▶

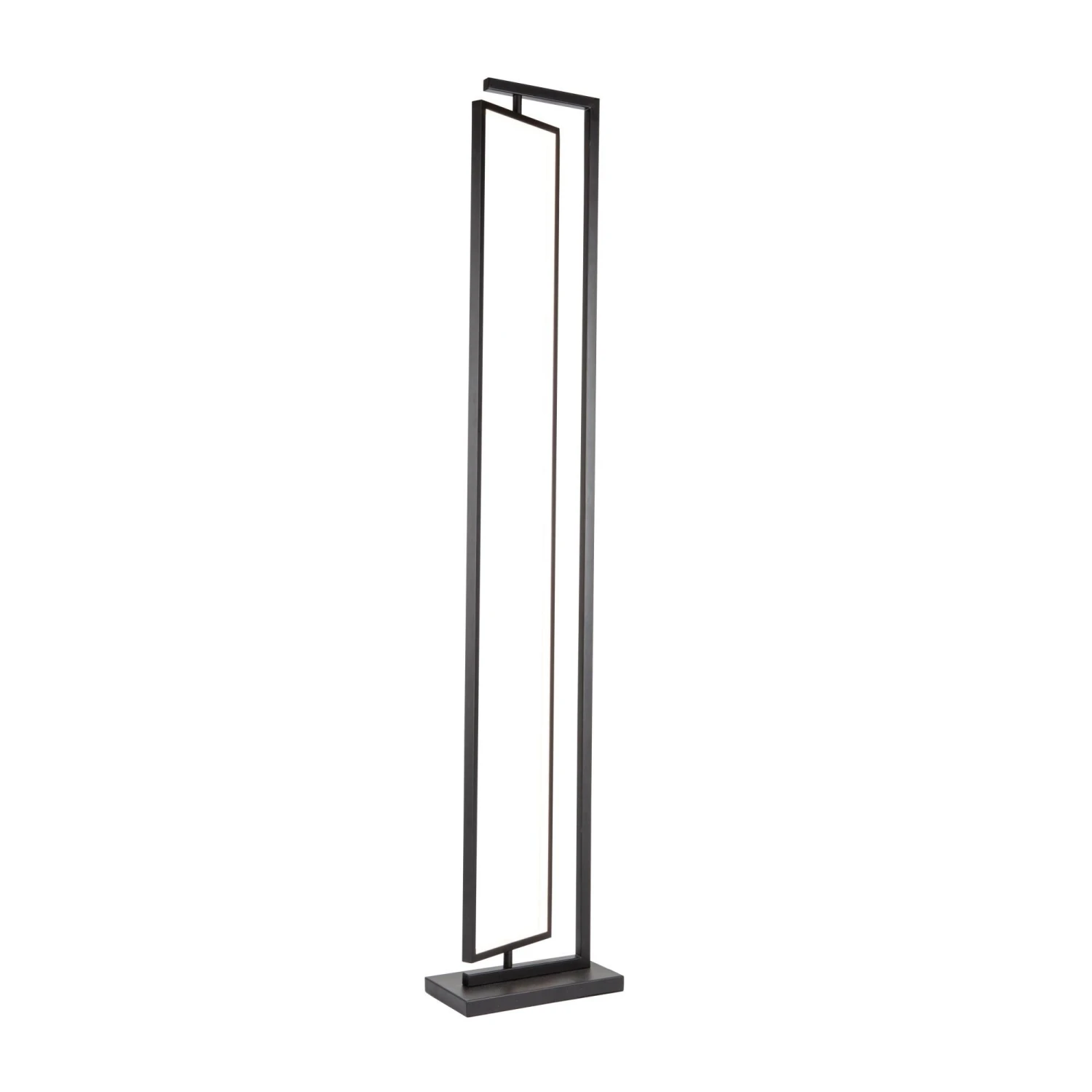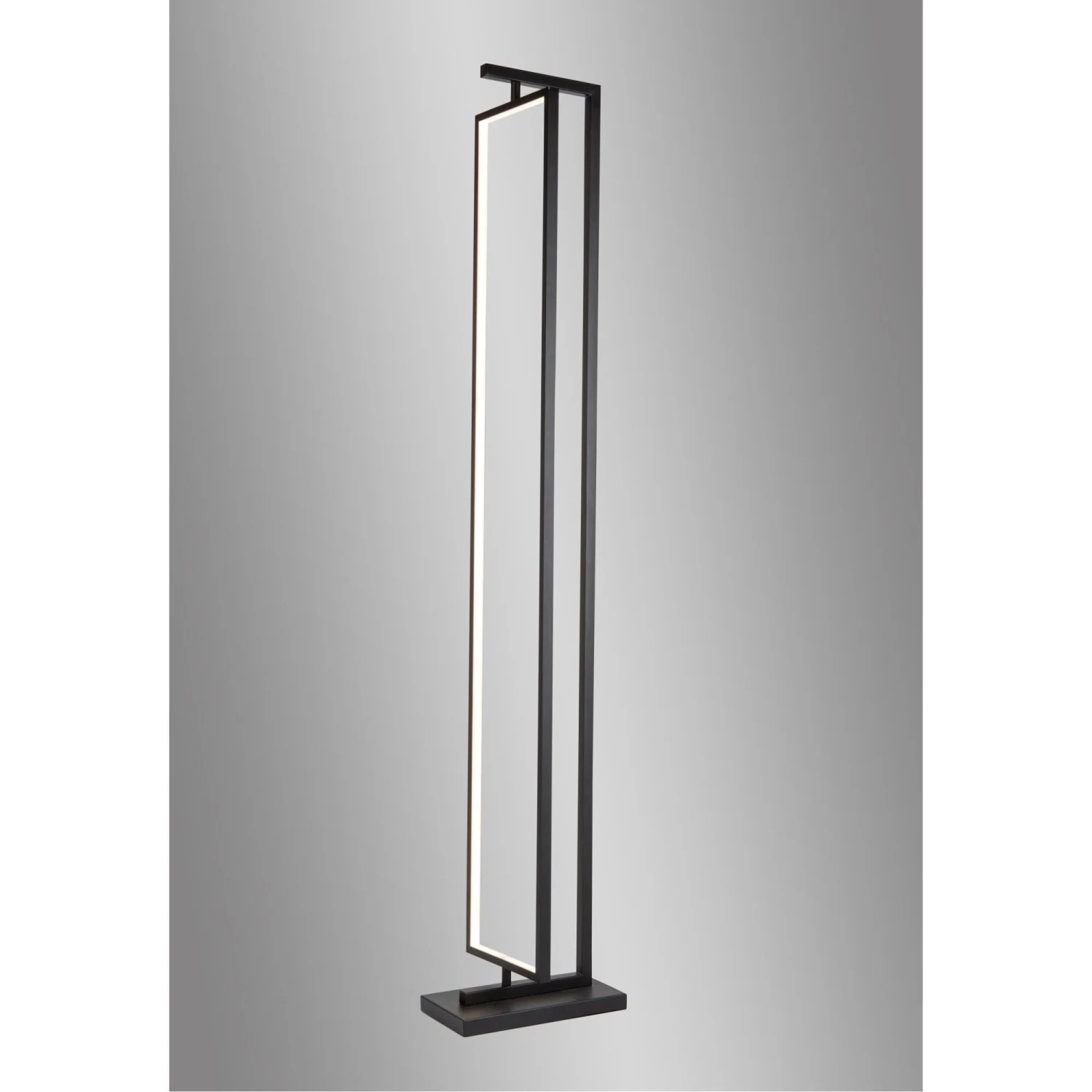 The “Cortina” collection floor lamp features a bright LED source, pivoting interior and a slide dimmer. This model is black.
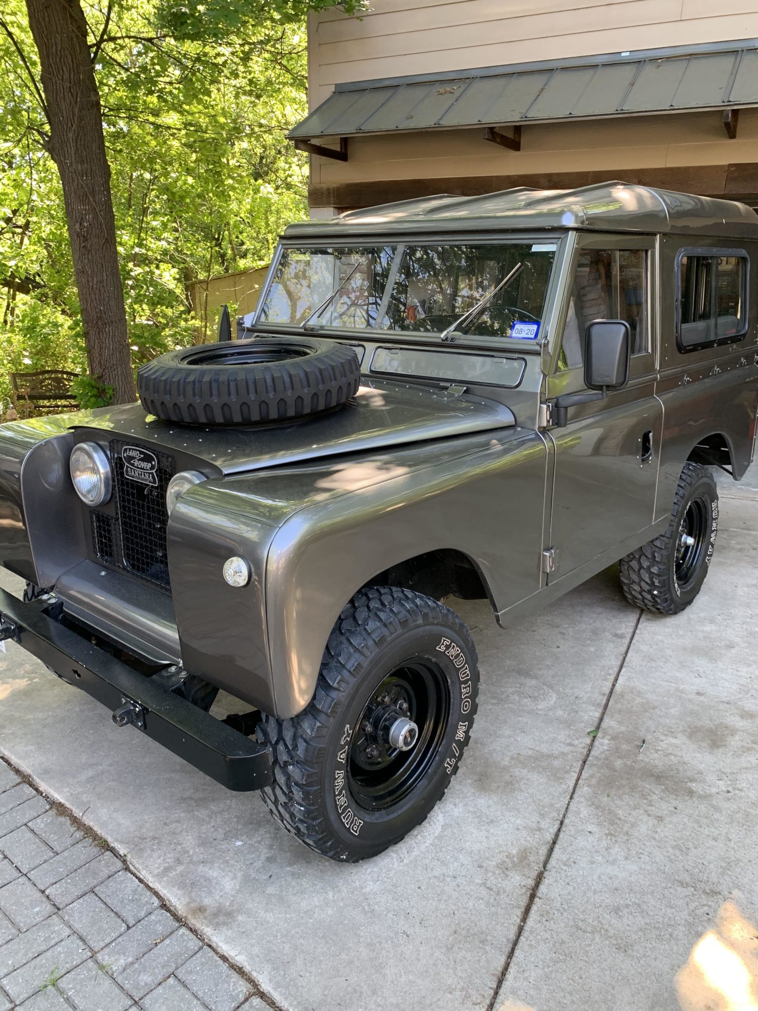 Black steel wheels wear older Runway Enduro M/T tires, and a smaller spare is mounted to the hood. The truck is equipped with manually-locking front hubs, and the braking and steering systems have been modified with power assistance.
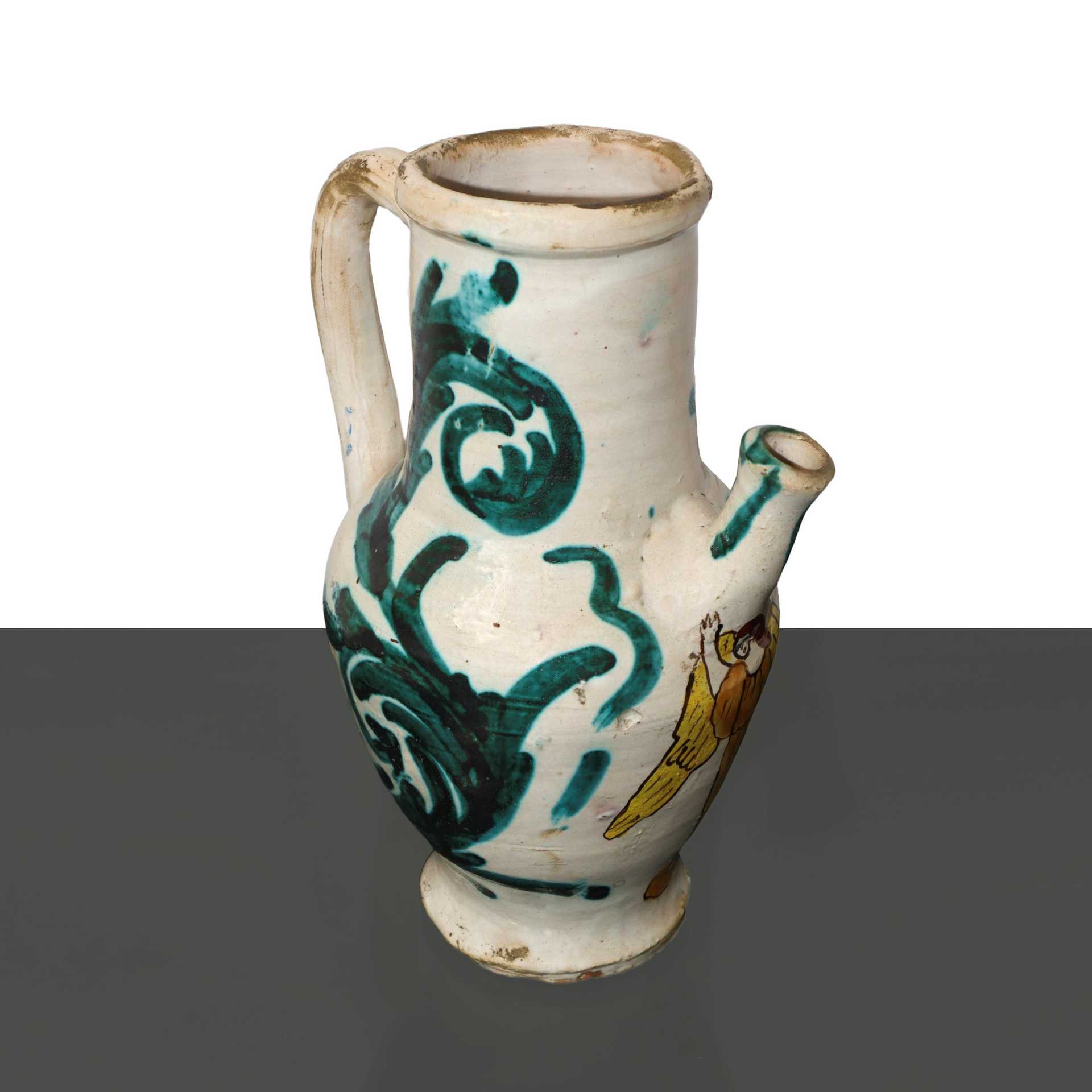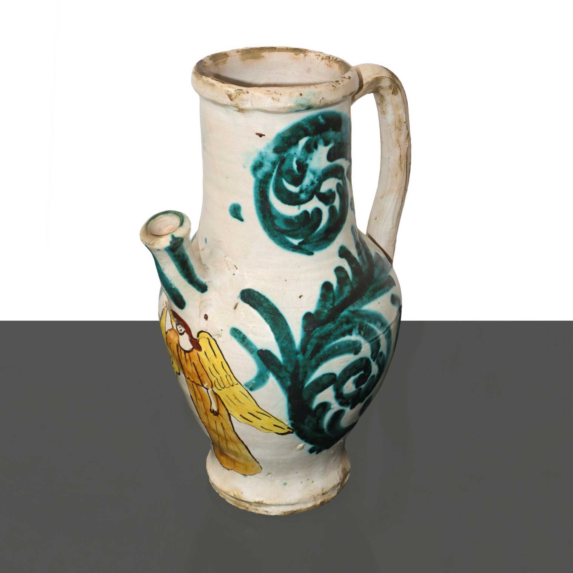 Versatoio con manico in maiolica di Caltagirone , 20° Secolo H cm 27 Con angelo sul fronte.Con ange

◀

_Your objective_
Leave every picture out and set down exactly the lines running from the one with "Black steel wheels" to the last line of the material above.

_Answer area_
 Black steel wheels wear older Runway Enduro M/T tires, and a smaller spare is mounted to the hood. The truck is equipped with manually-locking front hubs, and the braking and steering systems have been modified with power assistance.
 Versatoio con manico in maiolica di Caltagirone , 20° Secolo H cm 27 Con angelo sul fronte.Con ange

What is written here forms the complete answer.